Mechanisms of Estrogenic Actions

Estrogens can facilitate transcription of several genes, including certain norepinephrine receptors to promote lordosis behavior (Etgen, 2002; Mong & Pfaff, 2004). Estradiol treatment in vivo induces α‎1B-adrenergic receptor mRNA and increases the density of α‎1B-adrenoceptor binding in the hypothalamus (Etgen, 2002; Karkanias, 1996). Since α‎1B-adrenergic receptors can facilitate lordosis (Kow et al., 1992), this estrogen action may amplify α‎1-adrenoceptor–mediated facilitation of lordosis. Noradrenergic agonists and their receptors are not the only targets of estrogen actions. Estrogen can also modulate components of the intracellular signaling pathway involved in lordosis, including G-proteins, PLC, and PKC (Kow et al., 1994b). Estrogen potentiates G-protein activity in the ventrolateral VMN (Kow & Pfaff, 1998), which may be a mechanism whereby estrogen can enhance the excitatory action of noradrenergic agonists to facilitate lordosis. Estrogen has been shown to potentiate PCK activity in rat brain (Ansonoff & Etgen, 1998), and PKC-dependent facilitation of lordosis is estrogen dependent (Kow et al., 1994a). Thus, estrogen may potentiate certain PKC isozymes in the VMN to facilitate lordosis.

Estradiol Effects on Calcium Channels

In VMN neurons, the α‎1-adrenergic agonist PHE enhances HVA calcium channel activity in some neurons, and estradiol treatment amplifies this effect by increasing the proportion of neurons that respond to PHE (Lee et al., 2008a, b). Estradiol increases LVA calcium channel activity in VMN (Lee et al., 2008a, b) and arcuate neurons (Qiu et al., 2006). Estradiol has also been shown to upregulate mRNA expression of Cav3.1 (a T-type calcium channel) in the hypothalamus (Amodei et al., 2004; Qiu et al., 2006). The specific linkage between estradiol effects on calcium channels and excitability, and ultimately lordosis behavior, remains to be established. T-type LVA channels, due to their low activation threshold, can open near resting membrane potential, and can generate neuronal firing and pacemaker activities (Chemin et al., 2002; Cohen & McCarthy, 1987; Matteson & Armstrong, 1986). Estradiol effects on LVA channels may be a mechanism by which estradiol increases excitability of VMN neurons, which are critical in the hypothalamic circuits controlling lordosis behavior.
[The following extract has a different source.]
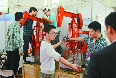 10月15日,第十二届“挑战杯”全国大学生课外学术科技作品竞赛终审决赛即将进行,中国石油大学的同学正在大连理工大学刘长春体育馆内紧张布展。

μ‎-Receptor Opioid Agonists

Among three major opioid receptors identified (μ‎-, δ‎-, and κ‎-receptors), the μ‎-receptor is the principal receptor responsible for narcotics addiction and reward-seeking behaviors. Gene for μ‎-opioid receptor was identified and pharmacologically characterized in the 1970s on the basis of its high affinity for morphine (mu for morphine) (Martin, Eades, Thompson, Huppler, & Gilbert, 1976). A typical GPCR, μ‎-receptor is highly expressed in several brain regions: thalamus, hypothalamus, caudate putamen, neocortex, nucleus accumbens, amygdala, interpeduncular complex, and inferior and superior colliculi (Mansour, Khachaturian, Lewis, Akil, & Watson, 1987), periaqueductal gray(PAG) and raphe nuclei (Hawkins et al., 1988), as well as in the superficial layers of the dorsal horn of the spinal cord (Besse, Lombard, Zajac, Roques, & Besson, 1990). μ‎-Receptor distribution varies by species; for example, in the hypothalamus, there is a higher density of μ‎-receptor in mouse than in rat, while the opposite is true in the hippocampus (Kitchen, Slowe, Matthes, & Kieffer, 1997). Their pattern of distribution may differ by species, but their physiological function remains the same: analgesia, respiratory and cardiovascular functions, regulation of intestinal transit, feeding, mood, thermoregulation, hormone secretions, and immune functions (Dhawan et al., 1996). In addition, μ‎-receptors are known to be involved in steroid hormone–regulated sexual behaviors (Forsberg, Eneroth, & Sodersten, 1987; Pfaus & Gorzalka, 1987a, 1987b; Pfaus & Pfaff, 1992; Vathy, Vincent, & Etgen, 1991).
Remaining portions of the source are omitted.